- The English-language cover as published by Tokyopop in North America on September 5, 2006
- Genre: Horror, Drama, Supernatural
- Written by: Mitsukazu Mihara
- Published by: Asuka Shinsha
- English publisher: NA: Tokyopop;
- Original run: 1999 – 2000
- Volumes: 1

= R.I.P.: Requiem in Phonybrian =

Japanese manga

R.I.P.: Requiem in Phonybrian is a manga written and illustrated by Mitsukazu Mihara.

==Release==
Written and illustrated by Mitsukazu Mihara, the chapters of R.I.P.: Requiem in Phonybrian were collected into one tankōbon volume and published in November 2000.

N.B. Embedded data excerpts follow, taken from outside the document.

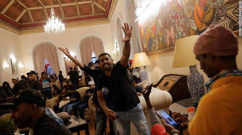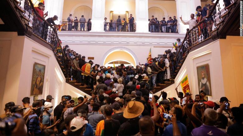 大批示威者闖入總統官邸 社交媒體畫面顯示,大批示威者身披斯里蘭卡國旗,闖入總統官邸的各個大小房間,同時呼喊要求總統下台的口號。有示威者躺在辦公室的沙發上……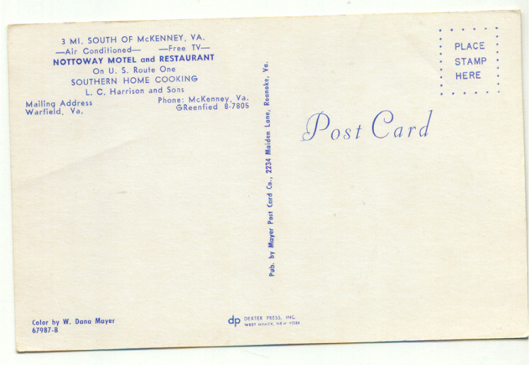 McKenney VA Nottoway Motel Postcard - Virginia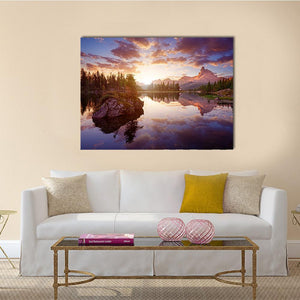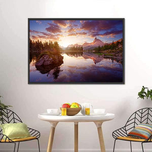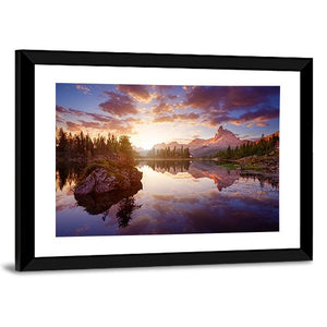 This captivating canvas art features serene views of Lago Di Federa, showcasing a tranquil lake surrounded by majestic mountains and lush trees. The reflective calm waters capture a dramatic sunset, blending colorful hues of purple, orange, and pink, making it a perfect addition to your nature-inspired decor.

Tokyopop licensed the manga for an English-language release in North America, and published it on September 5, 2006.

==Reception==
One reviewer described the manga as "[a]n excellent choice for fans of Mihara or Ai Yazawa or for manga/goth fans who want their religion thoughtful and though provoking" and commented that Mihara "tackles both suicide and religion with humor, sensitivity, and love."
Connie of Slightly Biased Manga enjoyed the "funnier moments" of it and noted "plenty of dark and brooding from the Undertaker to make this one-shot gothic enough for those looking for something dark". Anime News Network's Melissa Harper praised the "[b]eautiful costumes and hairstyles" of the characters, but disliked the "thin story and an unlikeable main character". Mania Entertainment's Jarred Pine wrote:"With R.I.P., Mihara sets up yet another interesting premise for exploring issues with the dead and the complex, emotional ties between the afterlife and the living, but ultimately the story never cuts deeply enough due to compressed nature."